DATASET CONTENT:
>>>>>
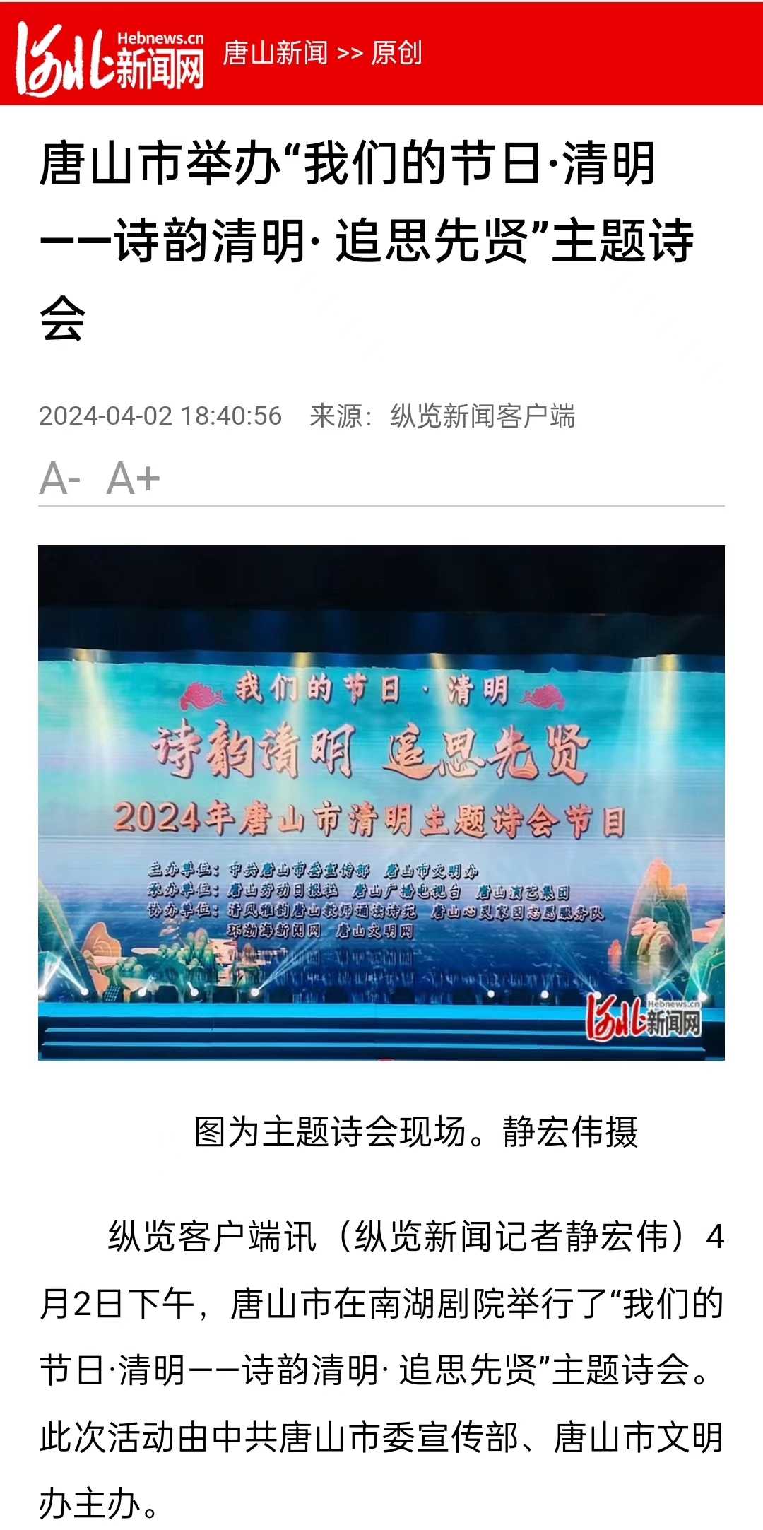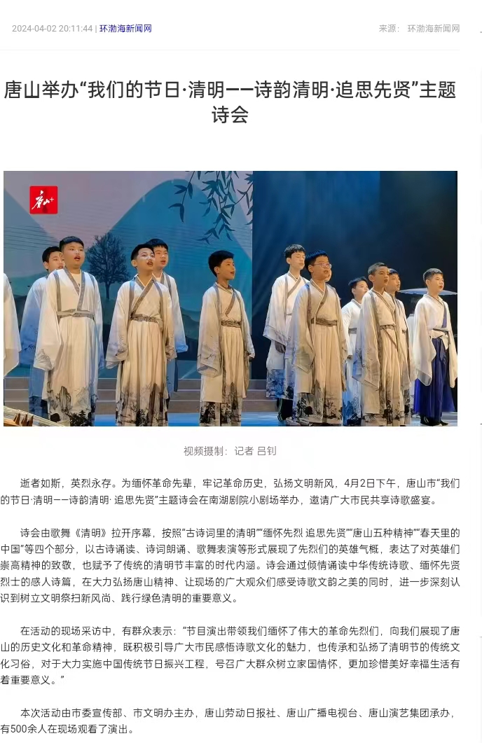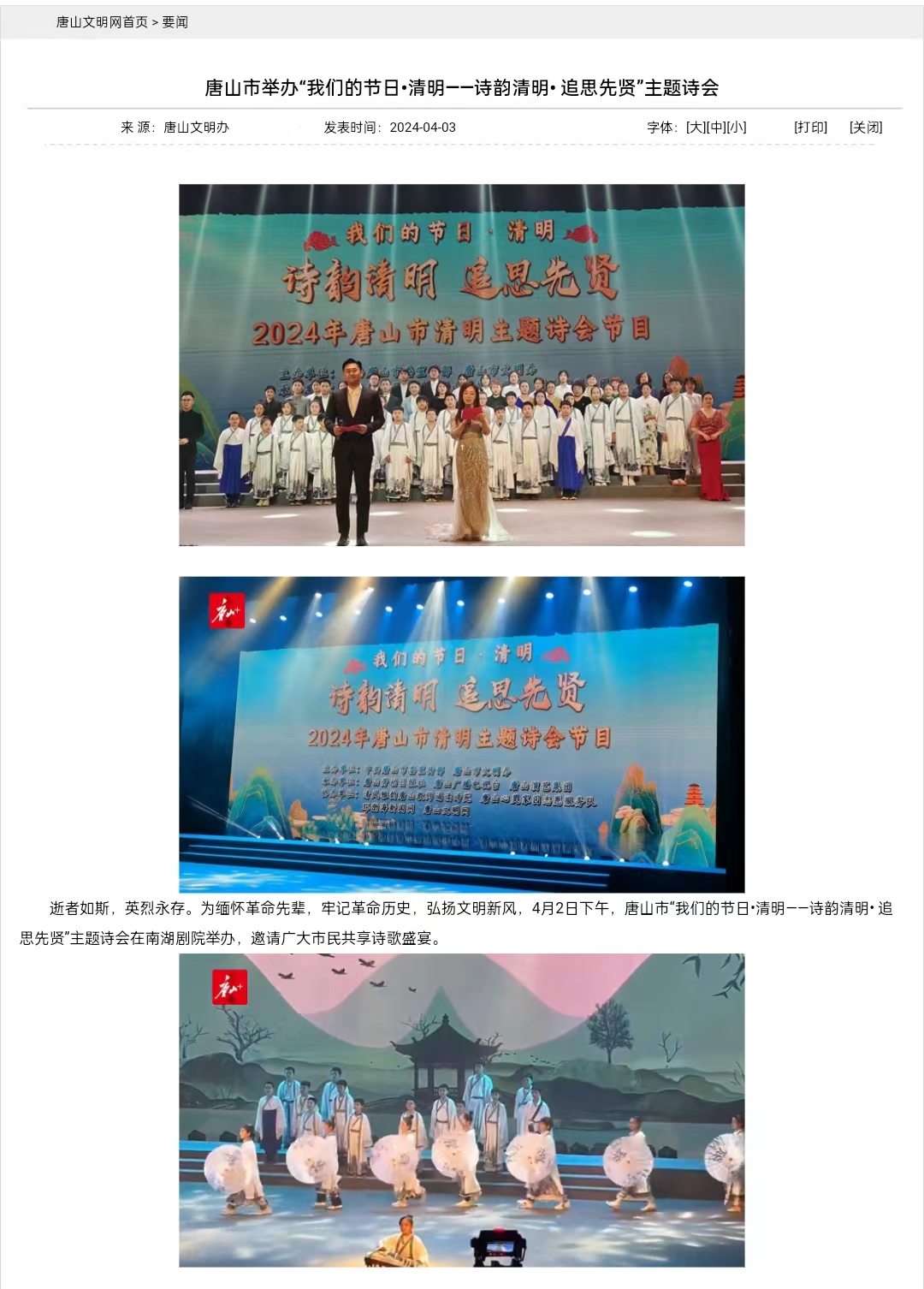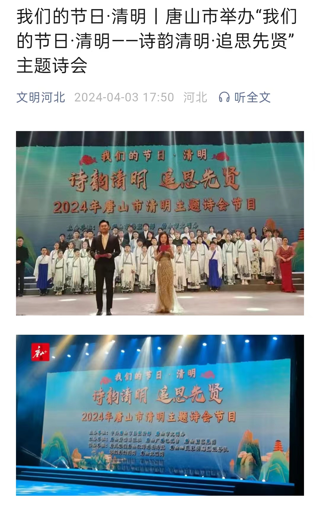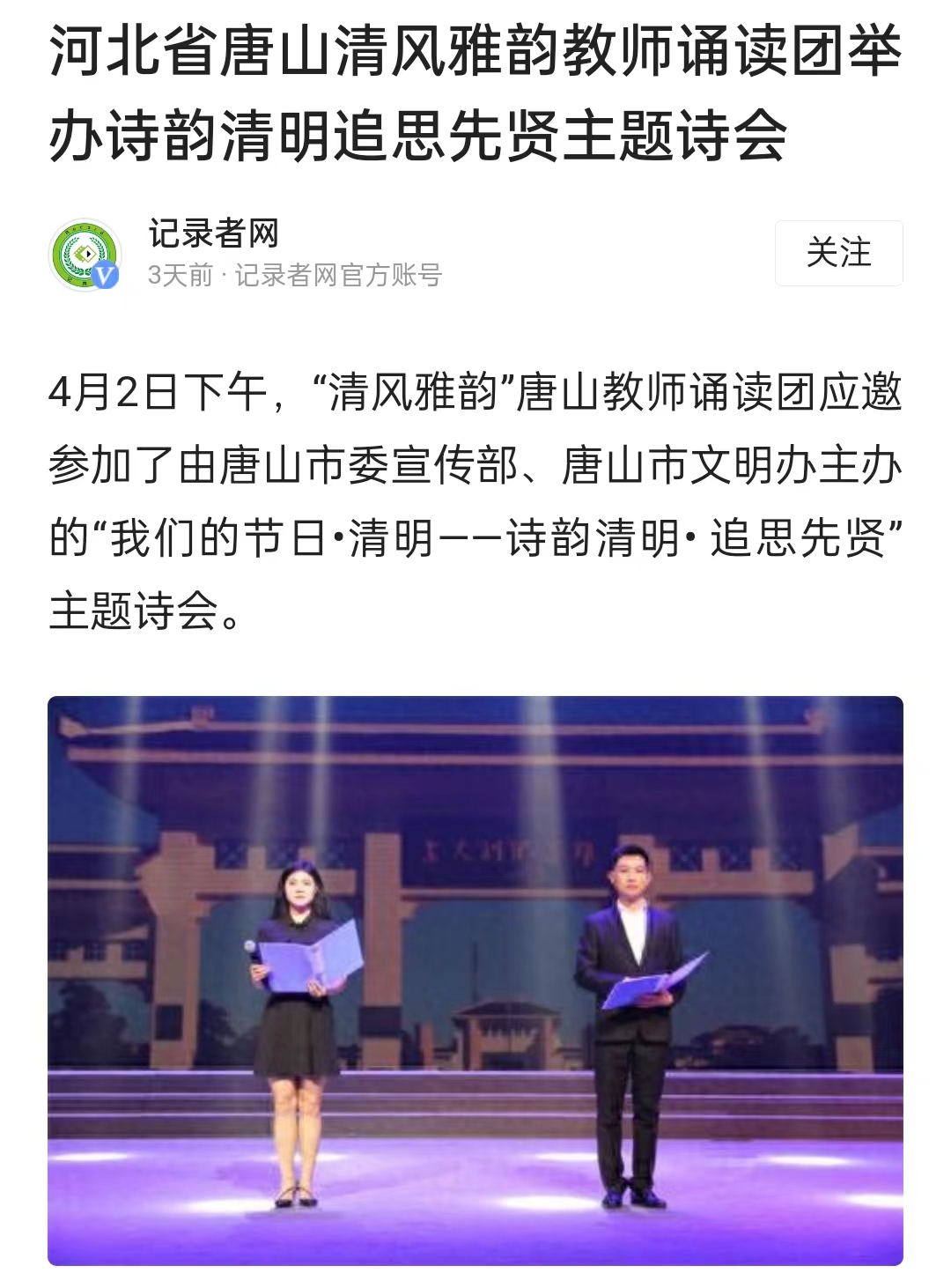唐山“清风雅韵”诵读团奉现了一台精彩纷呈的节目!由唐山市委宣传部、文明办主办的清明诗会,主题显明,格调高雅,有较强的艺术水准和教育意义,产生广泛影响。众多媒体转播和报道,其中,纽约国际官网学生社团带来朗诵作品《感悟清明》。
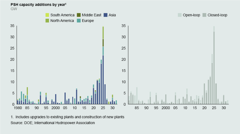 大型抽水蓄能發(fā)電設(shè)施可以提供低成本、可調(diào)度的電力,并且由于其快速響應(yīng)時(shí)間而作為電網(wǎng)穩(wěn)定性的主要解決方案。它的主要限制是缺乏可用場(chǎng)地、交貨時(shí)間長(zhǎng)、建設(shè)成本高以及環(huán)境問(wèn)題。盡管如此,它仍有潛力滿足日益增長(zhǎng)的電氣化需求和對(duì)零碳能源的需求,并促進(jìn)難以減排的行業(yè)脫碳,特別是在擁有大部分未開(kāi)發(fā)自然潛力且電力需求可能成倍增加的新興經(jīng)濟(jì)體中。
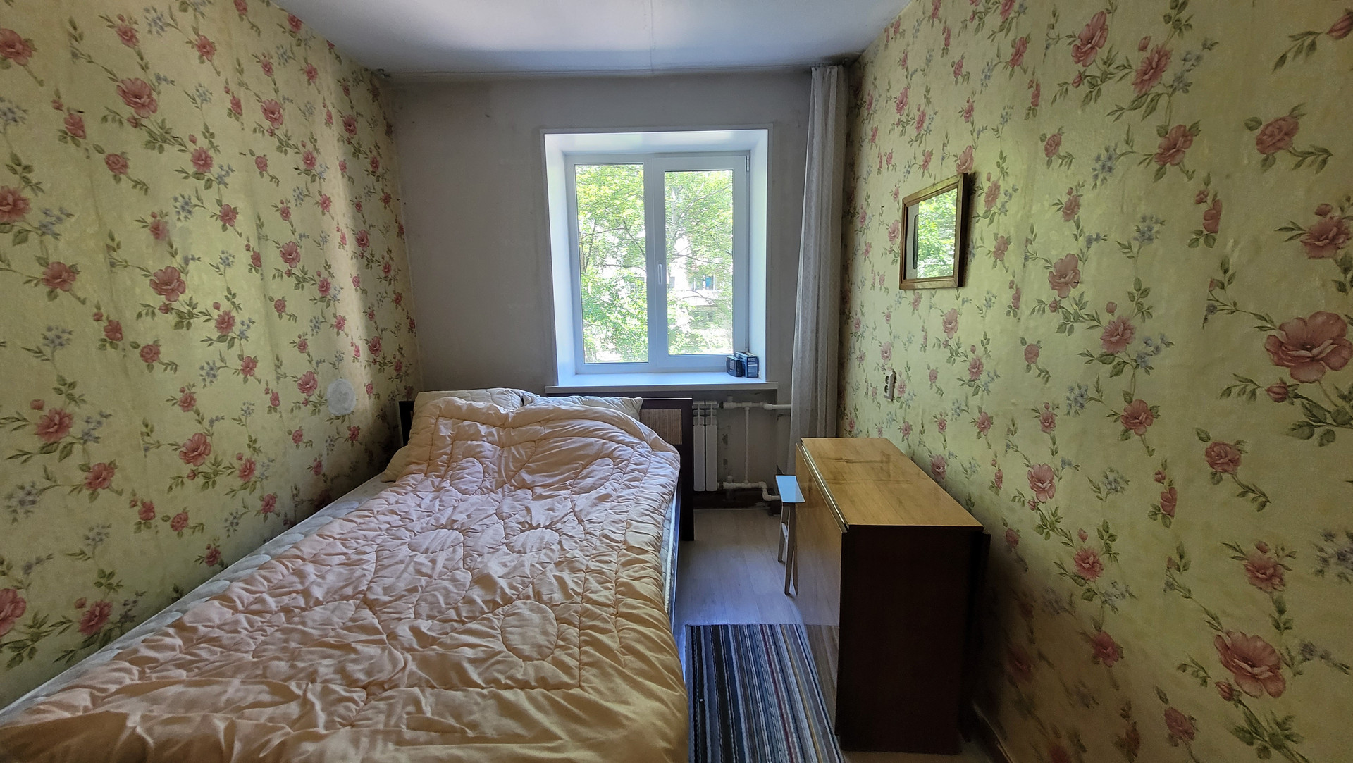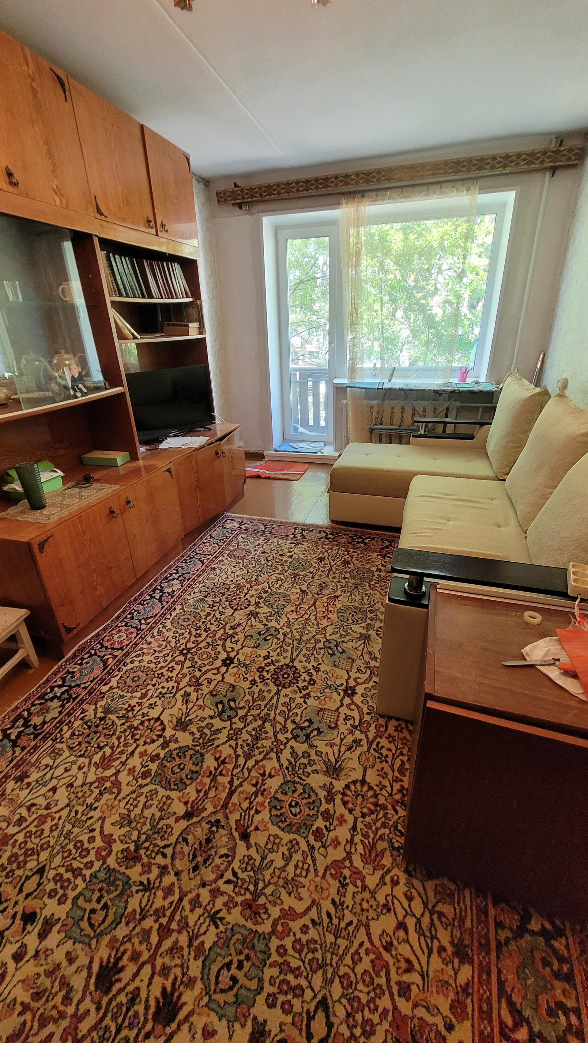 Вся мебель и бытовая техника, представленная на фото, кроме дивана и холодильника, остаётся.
<<<<<
WHAT THE EXERCISE ASKS:
The copy should run from the first line of the material above through the line with "大型抽水蓄能發(fā)電設(shè)施可", repeated exactly and without pictures.

FINISHED TASK:
唐山“清风雅韵”诵读团奉现了一台精彩纷呈的节目!由唐山市委宣传部、文明办主办的清明诗会,主题显明,格调高雅,有较强的艺术水准和教育意义,产生广泛影响。众多媒体转播和报道,其中,纽约国际官网学生社团带来朗诵作品《感悟清明》。
 大型抽水蓄能發(fā)電設(shè)施可以提供低成本、可調(diào)度的電力,并且由于其快速響應(yīng)時(shí)間而作為電網(wǎng)穩(wěn)定性的主要解決方案。它的主要限制是缺乏可用場(chǎng)地、交貨時(shí)間長(zhǎng)、建設(shè)成本高以及環(huán)境問(wèn)題。盡管如此,它仍有潛力滿足日益增長(zhǎng)的電氣化需求和對(duì)零碳能源的需求,并促進(jìn)難以減排的行業(yè)脫碳,特別是在擁有大部分未開(kāi)發(fā)自然潛力且電力需求可能成倍增加的新興經(jīng)濟(jì)體中。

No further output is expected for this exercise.